— YOUR ASSIGNMENT —
Without including any image, repeat every record exactly.

— DATASET —
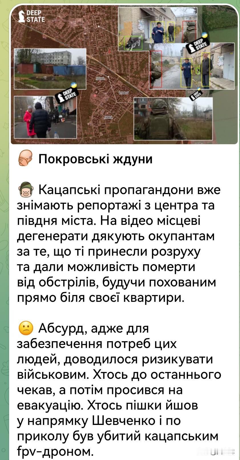 【“感谢他们带来毁灭?”】11月27日,乌克兰的DeepState报道,俄罗斯战地记者在波克罗夫斯克市中心和城南拍摄报道。视频里,当地居民对俄军表达感谢。但DeepState反问道:“感谢他们带来毁灭?感谢他们让自己能死于炮击?还能直接葬在自家公寓旁边?”
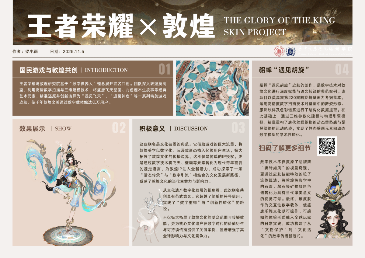 作品点评:作品以 “王者荣耀×敦煌” 联名案例切入,精准抓住数字经济中“文化数字化”的核心逻辑:从技术层(高精度扫描、三维建模)拆解数字工具对敦煌艺术的复刻,再到传播层(游戏载体触达亿级用户)分析文化破圈的路径,最后提炼“数字重构+创新转化”的价值,既讲清技术赋能的实操方法,也点明文化 IP 在数字时代的价值再生。整体是一份兼具行业洞察与文化深度的优秀作品。
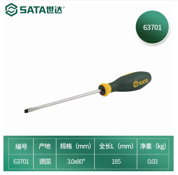 世达63701 G系列双色柄一字形螺丝批3x80MM螺丝刀 SKU:SKU:yzwhyp983094
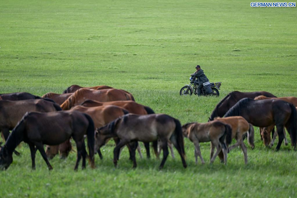 TONGLIAO, 6. Juli 2023 (Xinhuanet) -- Dieses am 5. Juli 2023 aufgenommene Foto zeigt einen Hirten, der Pferde auf einem Grasland in Holin Gol des nordchinesischen Autonomen Gebiets Innere Mongolei hütet. Das malerische Grasland in Holin Gol, das an der Kreuzung von Horqin Grassland, Xilin Gol Grassland und Hulunbuir Grassland liegt, ist eines der ursprünglichsten Grasländer des Autonomen Gebiets Innere Mongolei. (Quelle: Xinhua/Lian Zhen)
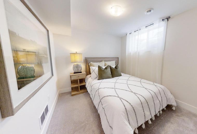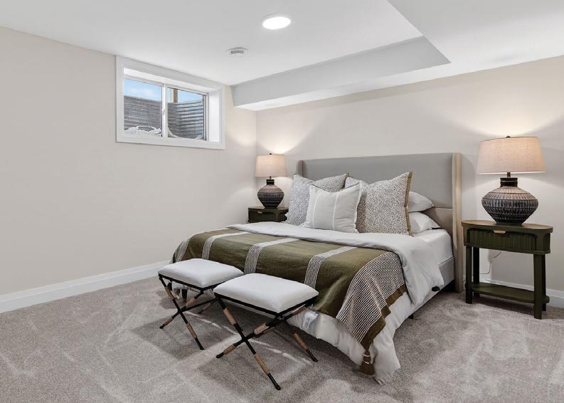The Graystone Homes Lotus suite in their Lotus Towns development includes a large principal bedroom with natural light coming through an egress window set within a deep window well.
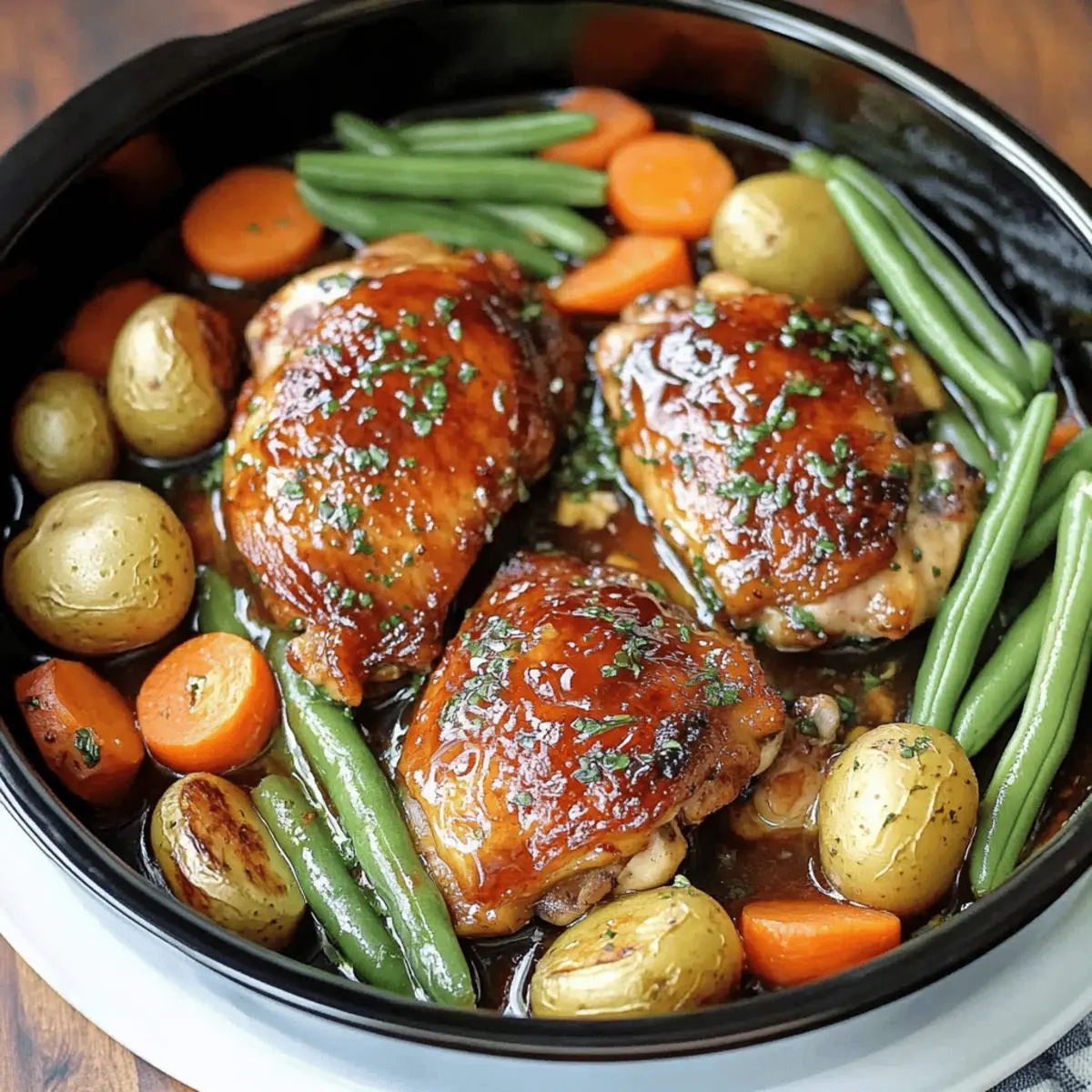 About 30 minutes before serving, stir in 1 cup of fresh green beans. Mixing them in during the final stretch of cooking preserves their vibrant crunch and color, adding a delightful contrast to the tender chicken and veggies. This final addition completes the Honey Garlic Chicken and Veggies beautifully.
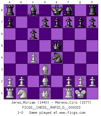 Last move : 1-0 2009 July 8 22:7:11 [Event "FICGS__CHESS__RAPID_D__000023"] [Site "FICGS"] [Date "2009.05.10"] [Round "1"] [White "Jerez,Miriam"] [Black "Moreno,Ciro"] [Result "1-0"] [WhiteElo "1440"] [BlackElo "1577"] 1.e4 c5 2.c4 Nc6 3.Nf3 Nf6 4.d4 cxd4 5.Nxd4 Nxe4 6.Nxc6 bxc6 7.Bd3 Qa5+ 8.Bd2 Qe5 9.O-O 1-0 This chess game has been lost on time (started : 2009.05.10 20:7:31) Sicilian defense Kingside Castling by player White (move 9) Player White won this chess game. Follow this game move after move (download)No other master has such a terrific will to win. At the board he radiates danger, and even the strongest opponents tend to freeze, like rabbits when they smell a panther. Even his weaknesses are dangerous. As white, his opening game is predictable - you can make plans against it - but so strong that your plans almost never work. In the middle game his precision and invention are fabulous, and in the end game you simply cannot beat him. (Anonymous German Expert) Wer der Ansicht ist, daß alle Schachspieler verrückt sind, wird durch Studium des Lebens von Emil Josef Diemer nicht auf andere Gedanken kommen. (Hans Ree) En la vida, como en el Ajedrez, los Peones propios obstruyen nuestro camino. La gran fortuna de un hombre, su comodidad, placer, hijos, libros, que deberían ayudarle a ganar, con mucha frecuencia lo ponen en Jaque Mate. (Charles Buxton) Les échecs sont un jeu terrible. Si vous n'avez pas le centre, votre adversaire a une position plus libre. Par contre, si vous avez le centre, alors vous avez vraiment quelque chose pour laquelle vous inquiéter ! (Siegbert Tarrasch) God is an atheist. (Unknown)
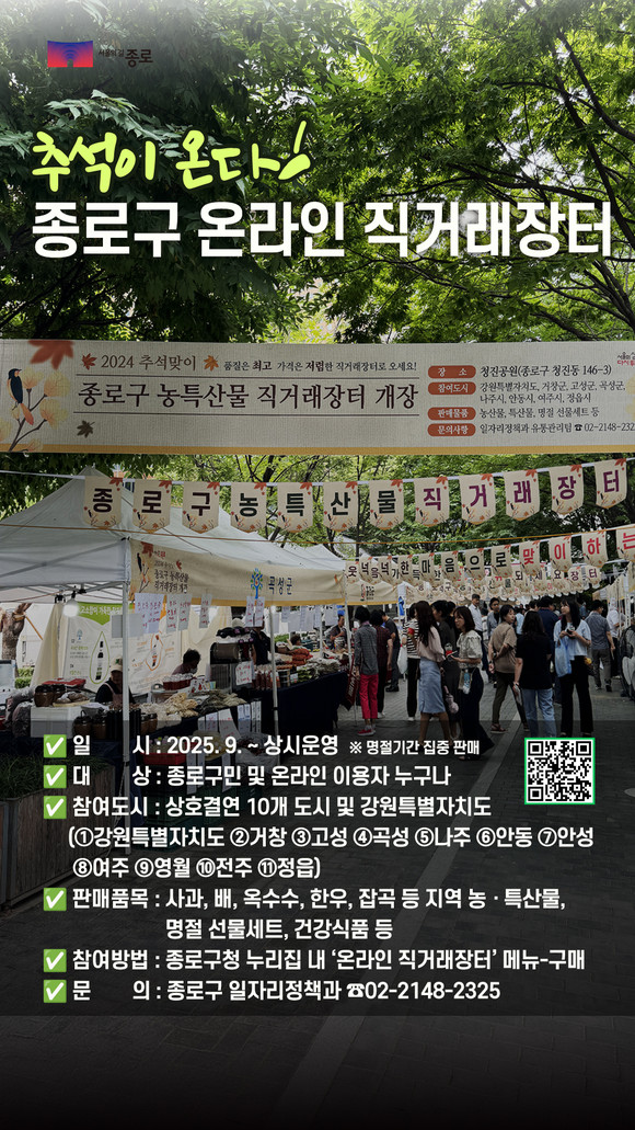 서울 종로구(구청장 정문헌)는 민족 최대 명절 추석을 맞아 구민들의 명절 준비 부담을 덜고, 지역 소상공인들의 매출 증대를 지원하기 위해 ‘종로사랑상품권’을 발행하고 온라인 직거래 장터를 운영한다.
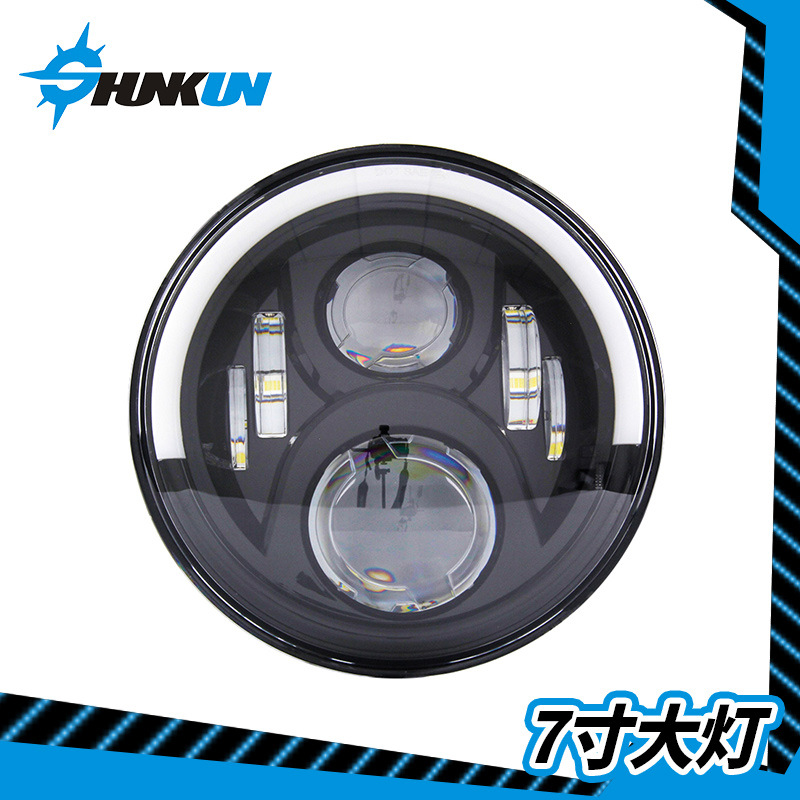 LED7寸三代遠(yuǎn)近光適用于牧馬人改裝前大燈哈雷大燈總成北汽大燈

— OUTPUT FOR THIS TASK —
 【“感谢他们带来毁灭?”】11月27日,乌克兰的DeepState报道,俄罗斯战地记者在波克罗夫斯克市中心和城南拍摄报道。视频里,当地居民对俄军表达感谢。但DeepState反问道:“感谢他们带来毁灭?感谢他们让自己能死于炮击?还能直接葬在自家公寓旁边?”
 作品点评:作品以 “王者荣耀×敦煌” 联名案例切入,精准抓住数字经济中“文化数字化”的核心逻辑:从技术层(高精度扫描、三维建模)拆解数字工具对敦煌艺术的复刻,再到传播层(游戏载体触达亿级用户)分析文化破圈的路径,最后提炼“数字重构+创新转化”的价值,既讲清技术赋能的实操方法,也点明文化 IP 在数字时代的价值再生。整体是一份兼具行业洞察与文化深度的优秀作品。
 世达63701 G系列双色柄一字形螺丝批3x80MM螺丝刀 SKU:SKU:yzwhyp983094
 TONGLIAO, 6. Juli 2023 (Xinhuanet) -- Dieses am 5. Juli 2023 aufgenommene Foto zeigt einen Hirten, der Pferde auf einem Grasland in Holin Gol des nordchinesischen Autonomen Gebiets Innere Mongolei hütet. Das malerische Grasland in Holin Gol, das an der Kreuzung von Horqin Grassland, Xilin Gol Grassland und Hulunbuir Grassland liegt, ist eines der ursprünglichsten Grasländer des Autonomen Gebiets Innere Mongolei. (Quelle: Xinhua/Lian Zhen)
The Graystone Homes Lotus suite in their Lotus Towns development includes a large principal bedroom with natural light coming through an egress window set within a deep window well.
 About 30 minutes before serving, stir in 1 cup of fresh green beans. Mixing them in during the final stretch of cooking preserves their vibrant crunch and color, adding a delightful contrast to the tender chicken and veggies. This final addition completes the Honey Garlic Chicken and Veggies beautifully.
 Last move : 1-0 2009 July 8 22:7:11 [Event "FICGS__CHESS__RAPID_D__000023"] [Site "FICGS"] [Date "2009.05.10"] [Round "1"] [White "Jerez,Miriam"] [Black "Moreno,Ciro"] [Result "1-0"] [WhiteElo "1440"] [BlackElo "1577"] 1.e4 c5 2.c4 Nc6 3.Nf3 Nf6 4.d4 cxd4 5.Nxd4 Nxe4 6.Nxc6 bxc6 7.Bd3 Qa5+ 8.Bd2 Qe5 9.O-O 1-0 This chess game has been lost on time (started : 2009.05.10 20:7:31) Sicilian defense Kingside Castling by player White (move 9) Player White won this chess game. Follow this game move after move (download)No other master has such a terrific will to win. At the board he radiates danger, and even the strongest opponents tend to freeze, like rabbits when they smell a panther. Even his weaknesses are dangerous. As white, his opening game is predictable - you can make plans against it - but so strong that your plans almost never work. In the middle game his precision and invention are fabulous, and in the end game you simply cannot beat him. (Anonymous German Expert) Wer der Ansicht ist, daß alle Schachspieler verrückt sind, wird durch Studium des Lebens von Emil Josef Diemer nicht auf andere Gedanken kommen. (Hans Ree) En la vida, como en el Ajedrez, los Peones propios obstruyen nuestro camino. La gran fortuna de un hombre, su comodidad, placer, hijos, libros, que deberían ayudarle a ganar, con mucha frecuencia lo ponen en Jaque Mate. (Charles Buxton) Les échecs sont un jeu terrible. Si vous n'avez pas le centre, votre adversaire a une position plus libre. Par contre, si vous avez le centre, alors vous avez vraiment quelque chose pour laquelle vous inquiéter ! (Siegbert Tarrasch) God is an atheist. (Unknown)
 서울 종로구(구청장 정문헌)는 민족 최대 명절 추석을 맞아 구민들의 명절 준비 부담을 덜고, 지역 소상공인들의 매출 증대를 지원하기 위해 ‘종로사랑상품권’을 발행하고 온라인 직거래 장터를 운영한다.
 LED7寸三代遠(yuǎn)近光適用于牧馬人改裝前大燈哈雷大燈總成北汽大燈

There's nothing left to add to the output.